## Assignment:
The answer should reproduce every entry exactly and contain no images.

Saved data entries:
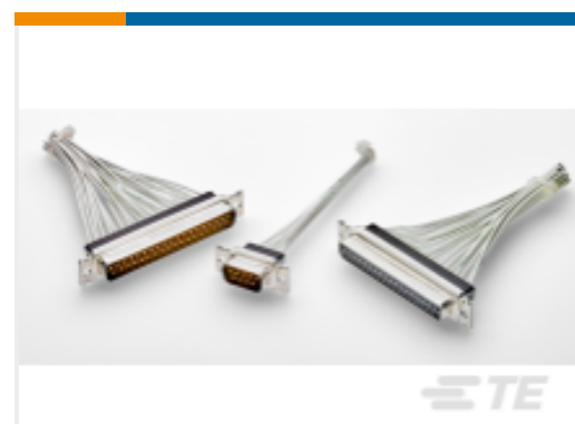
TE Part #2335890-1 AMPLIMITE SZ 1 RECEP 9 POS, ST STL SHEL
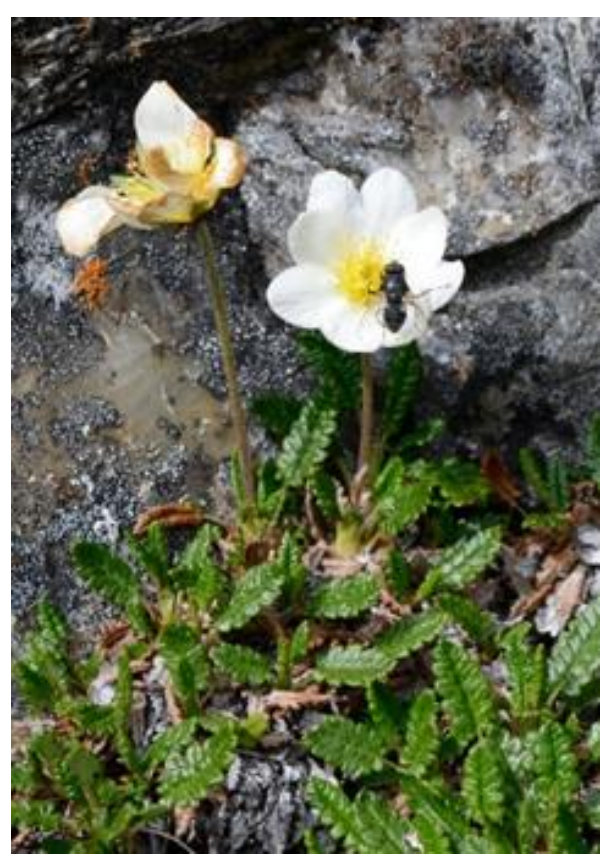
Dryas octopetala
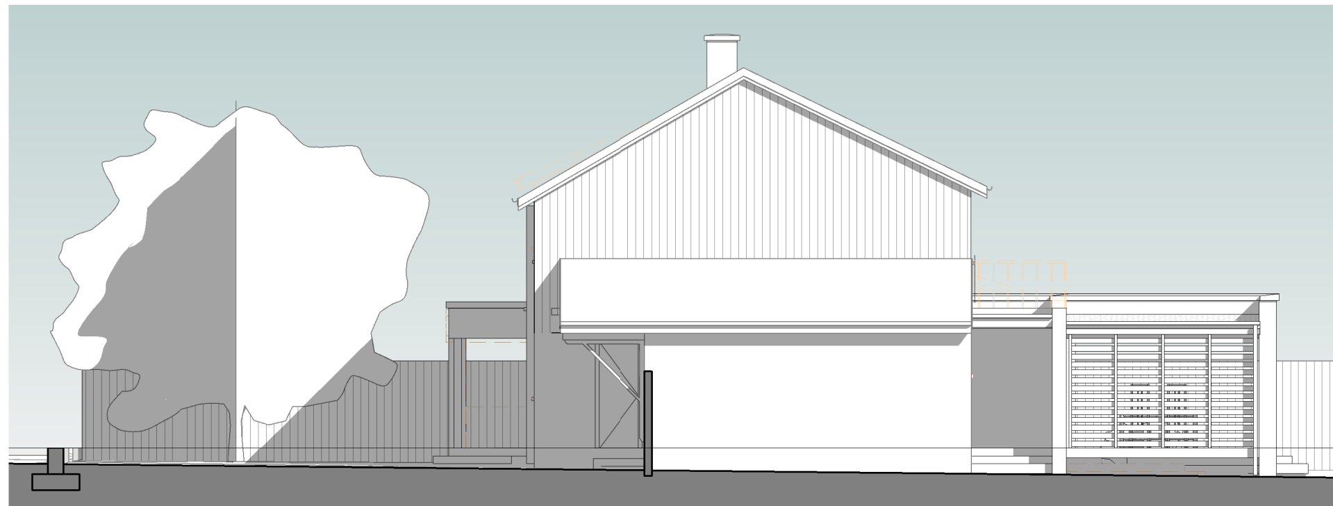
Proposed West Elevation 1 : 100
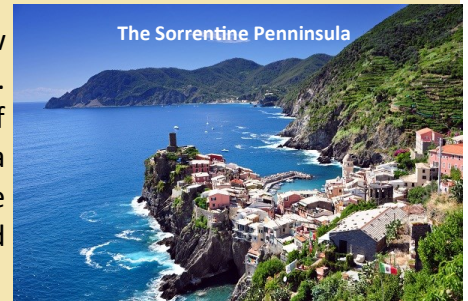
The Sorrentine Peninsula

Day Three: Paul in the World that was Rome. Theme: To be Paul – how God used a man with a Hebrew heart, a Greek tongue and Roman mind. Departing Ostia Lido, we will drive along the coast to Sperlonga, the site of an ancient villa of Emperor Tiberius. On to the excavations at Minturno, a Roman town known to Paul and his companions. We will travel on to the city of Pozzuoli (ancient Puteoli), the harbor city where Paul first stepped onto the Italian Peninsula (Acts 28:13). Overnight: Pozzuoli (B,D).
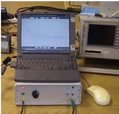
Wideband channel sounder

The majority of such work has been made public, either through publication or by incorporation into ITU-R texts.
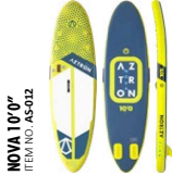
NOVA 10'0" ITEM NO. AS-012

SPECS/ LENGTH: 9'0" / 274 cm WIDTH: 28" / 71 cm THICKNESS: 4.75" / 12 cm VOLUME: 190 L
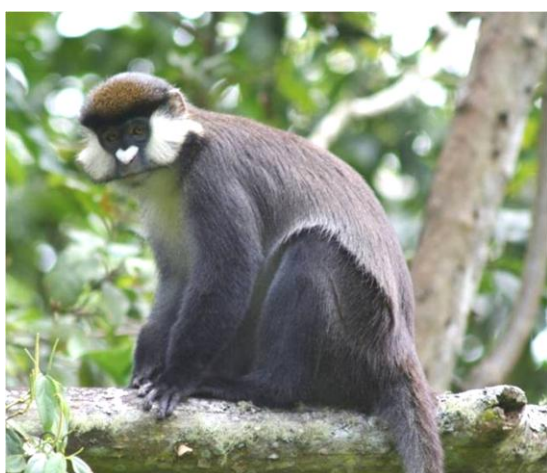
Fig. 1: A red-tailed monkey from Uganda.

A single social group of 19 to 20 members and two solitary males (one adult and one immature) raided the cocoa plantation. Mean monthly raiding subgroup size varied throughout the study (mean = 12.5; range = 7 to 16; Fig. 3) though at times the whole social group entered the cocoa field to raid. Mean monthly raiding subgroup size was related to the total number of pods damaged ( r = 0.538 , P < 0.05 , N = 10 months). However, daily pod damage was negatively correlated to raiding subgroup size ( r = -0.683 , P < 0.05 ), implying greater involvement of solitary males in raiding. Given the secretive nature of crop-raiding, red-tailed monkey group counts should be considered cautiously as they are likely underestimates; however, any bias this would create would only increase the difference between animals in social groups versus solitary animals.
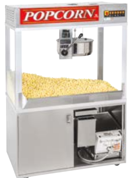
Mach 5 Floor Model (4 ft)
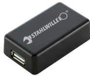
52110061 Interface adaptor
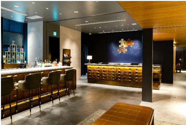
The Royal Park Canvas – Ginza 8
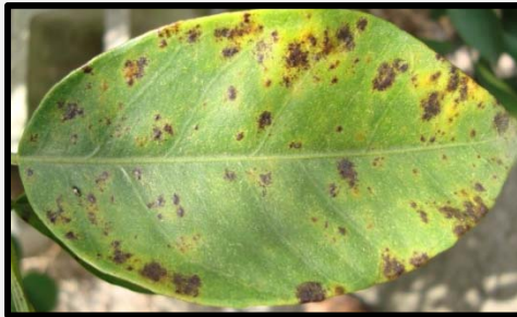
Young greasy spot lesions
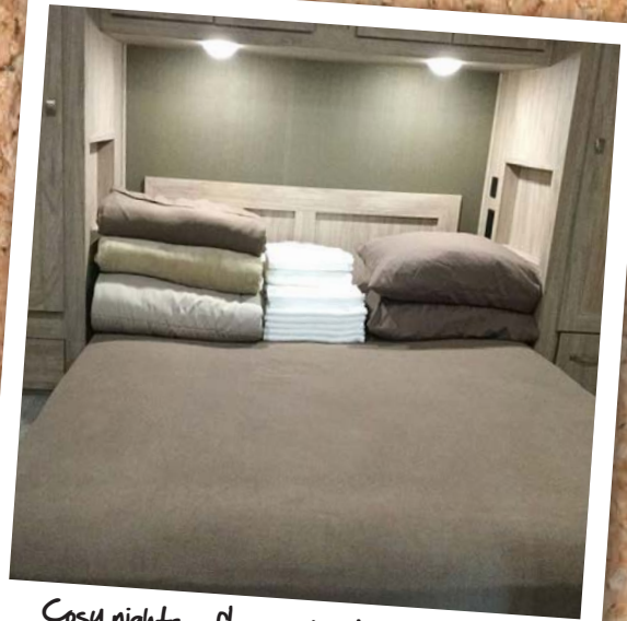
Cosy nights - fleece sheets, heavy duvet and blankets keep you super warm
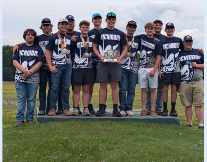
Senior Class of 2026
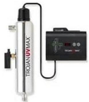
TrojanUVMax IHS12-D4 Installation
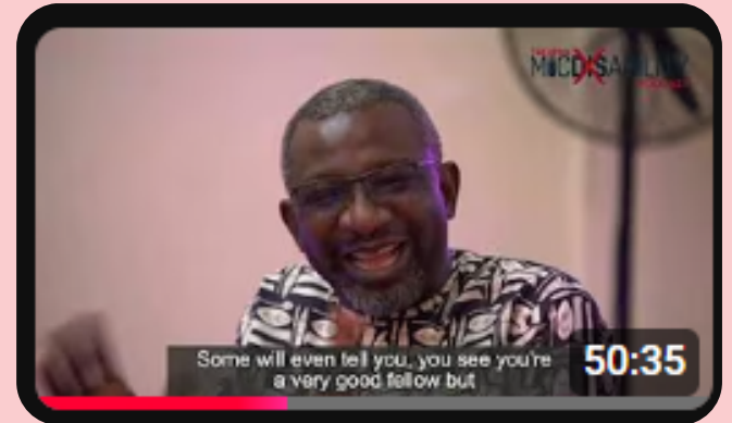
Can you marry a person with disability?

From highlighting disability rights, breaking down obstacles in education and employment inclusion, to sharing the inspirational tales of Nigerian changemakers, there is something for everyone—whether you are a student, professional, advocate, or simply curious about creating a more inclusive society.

## Completed task:
TE Part #2335890-1 AMPLIMITE SZ 1 RECEP 9 POS, ST STL SHEL
Dryas octopetala
Proposed West Elevation 1 : 100
The Sorrentine Peninsula

Day Three: Paul in the World that was Rome. Theme: To be Paul – how God used a man with a Hebrew heart, a Greek tongue and Roman mind. Departing Ostia Lido, we will drive along the coast to Sperlonga, the site of an ancient villa of Emperor Tiberius. On to the excavations at Minturno, a Roman town known to Paul and his companions. We will travel on to the city of Pozzuoli (ancient Puteoli), the harbor city where Paul first stepped onto the Italian Peninsula (Acts 28:13). Overnight: Pozzuoli (B,D).
Wideband channel sounder

The majority of such work has been made public, either through publication or by incorporation into ITU-R texts.
NOVA 10'0" ITEM NO. AS-012

SPECS/ LENGTH: 9'0" / 274 cm WIDTH: 28" / 71 cm THICKNESS: 4.75" / 12 cm VOLUME: 190 L
Fig. 1: A red-tailed monkey from Uganda.

A single social group of 19 to 20 members and two solitary males (one adult and one immature) raided the cocoa plantation. Mean monthly raiding subgroup size varied throughout the study (mean = 12.5; range = 7 to 16; Fig. 3) though at times the whole social group entered the cocoa field to raid. Mean monthly raiding subgroup size was related to the total number of pods damaged ( r = 0.538 , P < 0.05 , N = 10 months). However, daily pod damage was negatively correlated to raiding subgroup size ( r = -0.683 , P < 0.05 ), implying greater involvement of solitary males in raiding. Given the secretive nature of crop-raiding, red-tailed monkey group counts should be considered cautiously as they are likely underestimates; however, any bias this would create would only increase the difference between animals in social groups versus solitary animals.
Mach 5 Floor Model (4 ft)
52110061 Interface adaptor
The Royal Park Canvas – Ginza 8
Young greasy spot lesions
Cosy nights - fleece sheets, heavy duvet and blankets keep you super warm
Senior Class of 2026
TrojanUVMax IHS12-D4 Installation
Can you marry a person with disability?

From highlighting disability rights, breaking down obstacles in education and employment inclusion, to sharing the inspirational tales of Nigerian changemakers, there is something for everyone—whether you are a student, professional, advocate, or simply curious about creating a more inclusive society.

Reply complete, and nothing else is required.